## Data segment
******
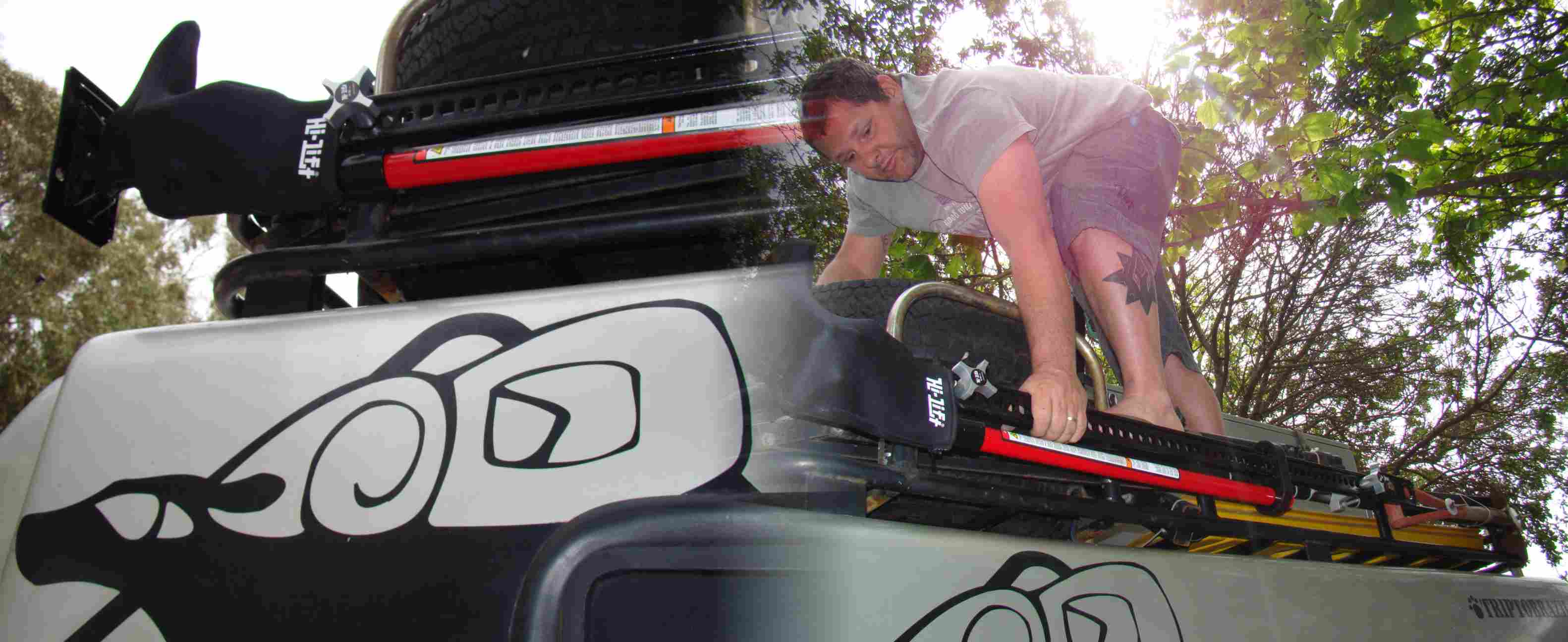 Instalei no rack um Hi-Lift que é um macaco que eleva o carro até mais de um metro do chão. Excelente para desatolar em areia e lama. Aqui é muito mais barato, claro.
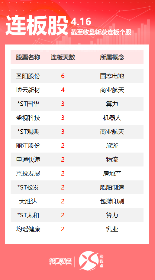 4月16日,Wind数据显示,A股市场共计88只个股涨停。其中固态电池板块圣阳股份收获6连板,商业航天板块博云新材4连板,机器人概念股盛视科技3连板。一图速览今日连板股>>
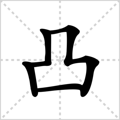 凸(竖、横、竖、横折折折、横)tū ㄊㄨˉ高出周围,与“凹”相对:~出。~起。~透镜。~凹不平。笔画数:5,部首:凵,笔顺编号:21251 凹(竖、横折折、竖、横折、横)wā ㄨㄚˉ同“洼”(用于地名):核桃~(在中国山西省)。
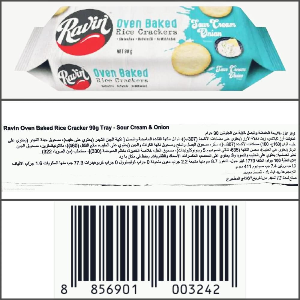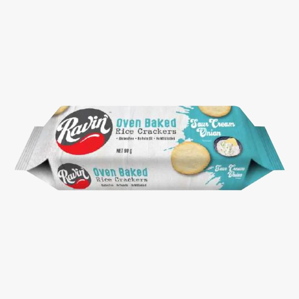 رافن مقرمشات الأرز مخبوزة غير مقلية بنكهة الكريمة الحامضة والبصل 90 جرام
******
## What you are asked to do
Extract the full listing exactly, with the pictures left out.

## Output of the task
 Instalei no rack um Hi-Lift que é um macaco que eleva o carro até mais de um metro do chão. Excelente para desatolar em areia e lama. Aqui é muito mais barato, claro.
 4月16日,Wind数据显示,A股市场共计88只个股涨停。其中固态电池板块圣阳股份收获6连板,商业航天板块博云新材4连板,机器人概念股盛视科技3连板。一图速览今日连板股>>
 凸(竖、横、竖、横折折折、横)tū ㄊㄨˉ高出周围,与“凹”相对:~出。~起。~透镜。~凹不平。笔画数:5,部首:凵,笔顺编号:21251 凹(竖、横折折、竖、横折、横)wā ㄨㄚˉ同“洼”(用于地名):核桃~(在中国山西省)。
 رافن مقرمشات الأرز مخبوزة غير مقلية بنكهة الكريمة الحامضة والبصل 90 جرام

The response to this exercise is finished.